The function and its arguments are also stored. That memory was already allocated so that's free again, but having it stored might therefore delay the garbage collector from freeing them. But if these are objects, then either you kept a reference to them somewhere or at the next view call the lazy check will fail, which means it won't be delayed by much. Overall, I'd say this part is very cheap too.
Remember though that if you use lazy at the root of your view (which is a pretty good idea by the way), then this virtual DOM is your entire DOM.

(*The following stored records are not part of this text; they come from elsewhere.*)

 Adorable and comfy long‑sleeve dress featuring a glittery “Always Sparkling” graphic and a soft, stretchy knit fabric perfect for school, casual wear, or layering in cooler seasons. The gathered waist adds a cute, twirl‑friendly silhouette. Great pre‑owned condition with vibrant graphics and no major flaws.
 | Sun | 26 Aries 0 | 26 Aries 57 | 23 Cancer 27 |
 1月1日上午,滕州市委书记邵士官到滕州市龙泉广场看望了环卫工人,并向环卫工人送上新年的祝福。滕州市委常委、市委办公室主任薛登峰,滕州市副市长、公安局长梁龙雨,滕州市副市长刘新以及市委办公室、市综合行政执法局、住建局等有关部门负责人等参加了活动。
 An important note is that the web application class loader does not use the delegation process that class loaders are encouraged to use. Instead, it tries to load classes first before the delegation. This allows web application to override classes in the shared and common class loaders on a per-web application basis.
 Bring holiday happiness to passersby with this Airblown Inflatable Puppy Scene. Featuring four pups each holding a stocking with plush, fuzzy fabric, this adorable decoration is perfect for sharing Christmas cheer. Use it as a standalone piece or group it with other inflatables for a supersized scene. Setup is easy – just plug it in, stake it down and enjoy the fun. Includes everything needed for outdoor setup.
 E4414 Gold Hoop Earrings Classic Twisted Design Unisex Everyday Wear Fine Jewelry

If we were to store multiple versions such as through a global cache, then for very large pages, keeping a wider history could make your application use a lot more memory which would be terrible for performance.
New designs
The current design of the lazy mechanism is one that is hard to use correctly because of the many check failures when doing the checking, but it is designed for simplicity (no major footguns) and great performance: key checking is fast and the memory footprint is the same as without caching. You can sprinkle it at will with little worries.

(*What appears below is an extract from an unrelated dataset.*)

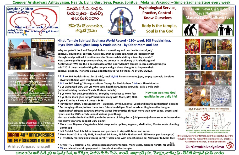 Hindu Temple Spiritual Sadhana World Record - 210+ wk 108 Pradakshina, 9 yrs ghee lamp Pradakshina (General)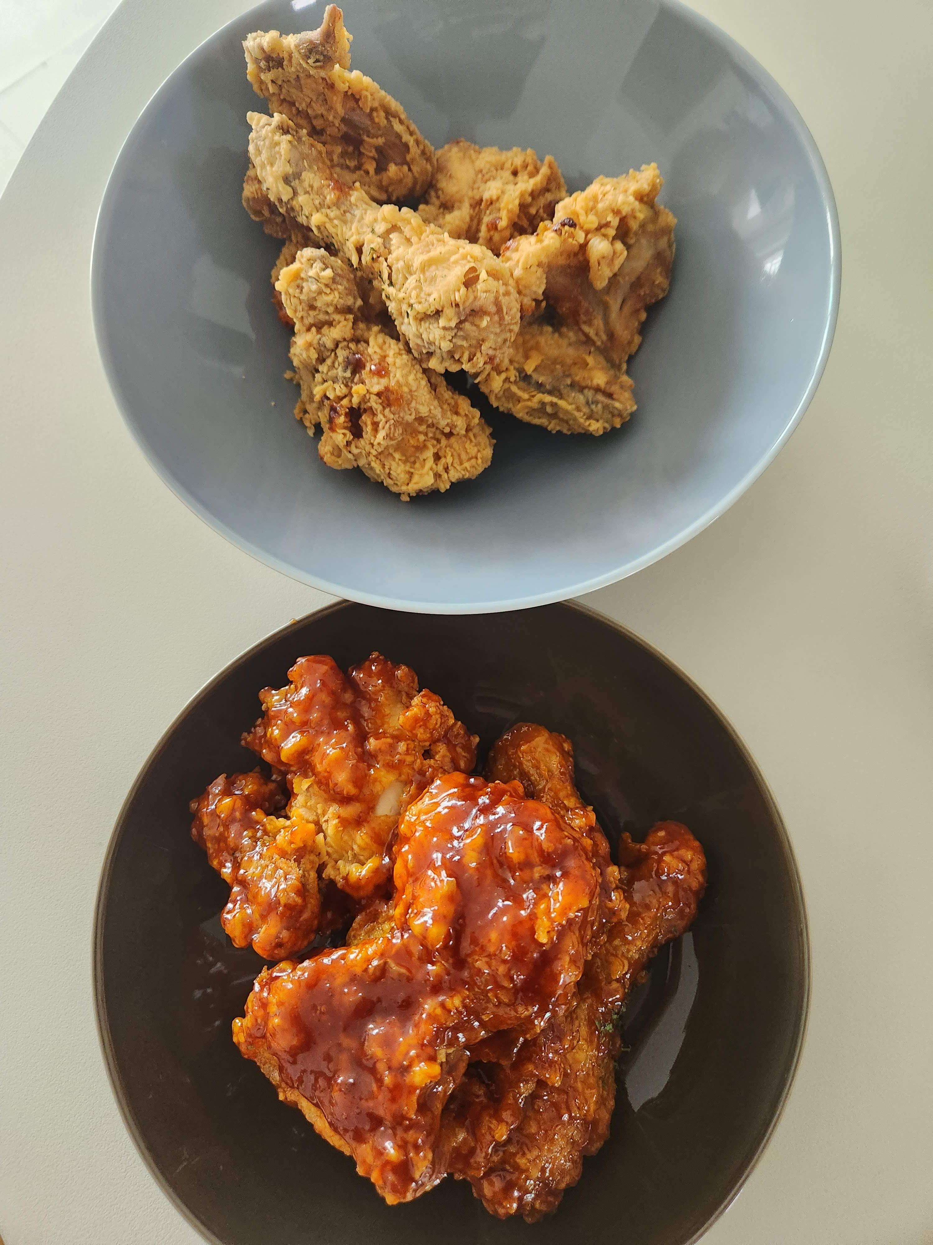 저는 반반치킨을 구매했고 후라이드와 양념이 있었습니다. 개인적으로 후라이드는 바삭하게 에어프라이어에 돌려서 먹는 게 나은 것 같고, 양념은 굳이 데우지 않아도 닭강정 느낌으로 먹어도 괜찮은 것 같습니다.

Now that we know the limitations and its tradeoffs, I think it's interesting to figure out how we can stretch this in new API additions (on top of the currently existing one).
Deep equality checks
The major pain point with laziness is the rate of check failures with the use of JavaScript's
===.
If instead we were to use Elm's ==—which does a deep equality check—there would be a lot more check successes (But remember that the first item in the refs array that we compare is a function. Elm's == throws an error when comparing functions. So we would need a slightly different version that doesn't crash for functions and probably falls back to JS' === for them).
The check could have "significant" performance implications in the worst case, for instance if one of the arguments is a very large Dict that is only slightly different from the last run.
In most cases though, even if a some parts of data have new references, others would stay the same (ex: all the untouched fields of a record in a record update like { a | b = c } keep the same reference), and under the hood Elm's == uses JS' == as the first check, as that it's faster. So even if it's a deep equality check, not everything will have to be compared, making the speed of such a check likely good enough for most cases.
It's useful to note that what matters is mostly whether the check is slower or faster than the function we're trying to avoid recomputing. If it's faster, then it's likely good enough.
In rarer cases, the current lazy is really hard nay impossible to use because a new object has to be created at one point or another. This version of lazy would shine in those cases.
This wouldn't be as free as the current mechanism as the check itself could potentially cause slowdowns, but it is a lot more intuitive and easy to use. This approach is the default in Gren's version of Html.Lazy.
Remembering more previous runs
I think there could definitely be an addition of lazy nodes that remember more results by storing a list (or similar) of previous key+results and checking them all.
There would be more things to check and store so the cost would increase slightly.
The risk is that the memory increases too much, so it would likely be a good idea to limit the size of the cache (e.g. only 5 key+result pairs) and/or to figure out how to clean it regularly.
This could be interesting for expensive views that quickly switch between a limited number of views, for instance with static tabs.
Remembering using a global cache
This is obviously the scariest one, where we'd have to be very wary of it growing in size and causing memory leaks.
But storing the results in a global cache could be great for oscillating elements (disappear then re-appear later), elements that get moved around a lot or duplicated elements. They could all re-use the same cache.
Conclusion
I hope you liked this deep dive. I really like the cleverness of this technique and its implications. Despite its difficulty to get right, this API is one that you can use without any thought about performance and memory usage—unlike the versions I proposed to some extent—which I really appreciate.
Thanks to Simon Lydell for reviewing the draft and suggesting improvements.